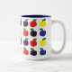 Coloridas manzanas Fruta de café de dos tonos diseñado por Nisha Prabhu. Las manzanas vienen en todos los tonos rojos, verdes, amarillos y morados oscuros. Las manzanas son la fruta favorita de todos, haciendo el regalo ideal para un cumpleaños, o cualquier otra ocasión feliz. La manzana, es el fruto del conocimiento, lo hace un regalo apropiado para un profesor.
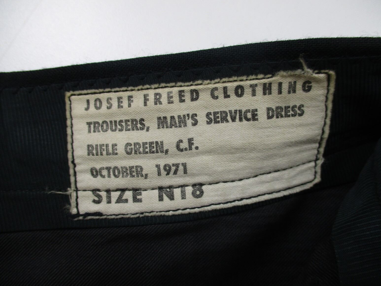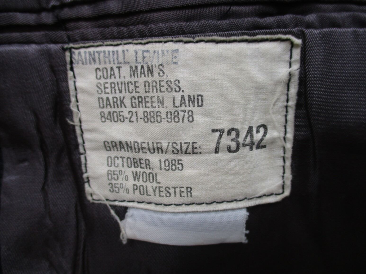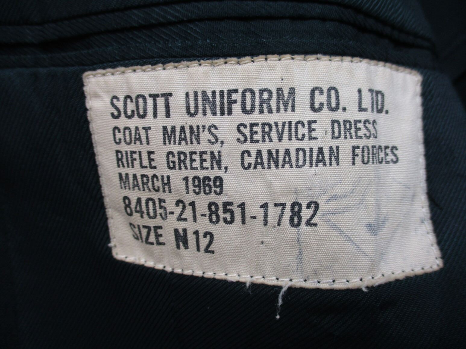 CANADIAN MILITARY DRESS UNIFORM LOT, LOT INCLUDES; (2) DARK GREEN JACKETS, BOTH COLONEL RANK, ONE WITH ROYAL CANADIAN ARTILLERY PINS, ONE MARKED: "SCOTT UNIFORM CO. LTD., COAT MAN'S SERVICE DRESS, MARCH 1969, SIZE N12", ETC., OTHER ONE MARKED: "COAT MAN'S SERVICE DRESS, OCTOBER 1985, SIZE: 7342", ETC. & (2) PAIRS GREEN PANTS, ONE MARKED: "TROUSERS, MEN'S, S.D. HVY. WT., LAND, SIZE 6730", ETC. OTHER ONE MARKED: "TROUSERS, MAN'S SERVICE DRESS, OCTOBER 1971, SIZE N18", ETC. SEE PHOTOS.
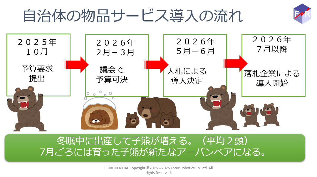 自治体の物品サービス導入の一般的な流れ。クマは冬眠中に子熊を出産するので7月にはアーバンベアが増えてしまう。
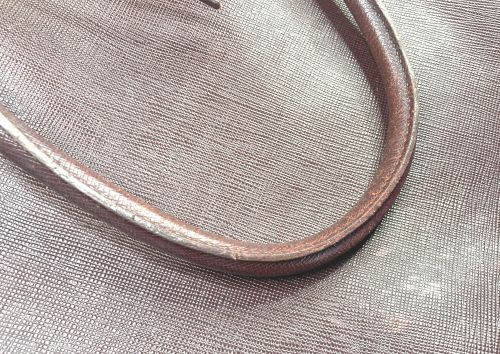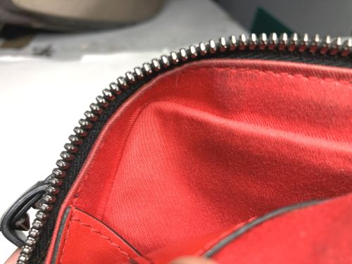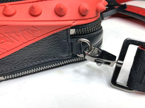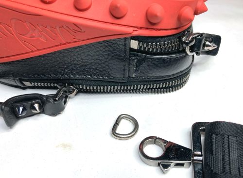 | ルブタン ショルダーバック ストラップ根元修理 本体側ストラップ根元が千切れて外れていました。分解して残存を確認すると合皮の ようでした。丈夫な本革で部品を作り直して取り付けました。もう一方も少し心配です。 |

■ EXERCISE AIM ■
Only the pictures are dropped. Otherwise, write out the listing exactly.

■ WRITTEN ANSWER ■
 Coloridas manzanas Fruta de café de dos tonos diseñado por Nisha Prabhu. Las manzanas vienen en todos los tonos rojos, verdes, amarillos y morados oscuros. Las manzanas son la fruta favorita de todos, haciendo el regalo ideal para un cumpleaños, o cualquier otra ocasión feliz. La manzana, es el fruto del conocimiento, lo hace un regalo apropiado para un profesor.
 CANADIAN MILITARY DRESS UNIFORM LOT, LOT INCLUDES; (2) DARK GREEN JACKETS, BOTH COLONEL RANK, ONE WITH ROYAL CANADIAN ARTILLERY PINS, ONE MARKED: "SCOTT UNIFORM CO. LTD., COAT MAN'S SERVICE DRESS, MARCH 1969, SIZE N12", ETC., OTHER ONE MARKED: "COAT MAN'S SERVICE DRESS, OCTOBER 1985, SIZE: 7342", ETC. & (2) PAIRS GREEN PANTS, ONE MARKED: "TROUSERS, MEN'S, S.D. HVY. WT., LAND, SIZE 6730", ETC. OTHER ONE MARKED: "TROUSERS, MAN'S SERVICE DRESS, OCTOBER 1971, SIZE N18", ETC. SEE PHOTOS.
 自治体の物品サービス導入の一般的な流れ。クマは冬眠中に子熊を出産するので7月にはアーバンベアが増えてしまう。
 | ルブタン ショルダーバック ストラップ根元修理 本体側ストラップ根元が千切れて外れていました。分解して残存を確認すると合皮の ようでした。丈夫な本革で部品を作り直して取り付けました。もう一方も少し心配です。 |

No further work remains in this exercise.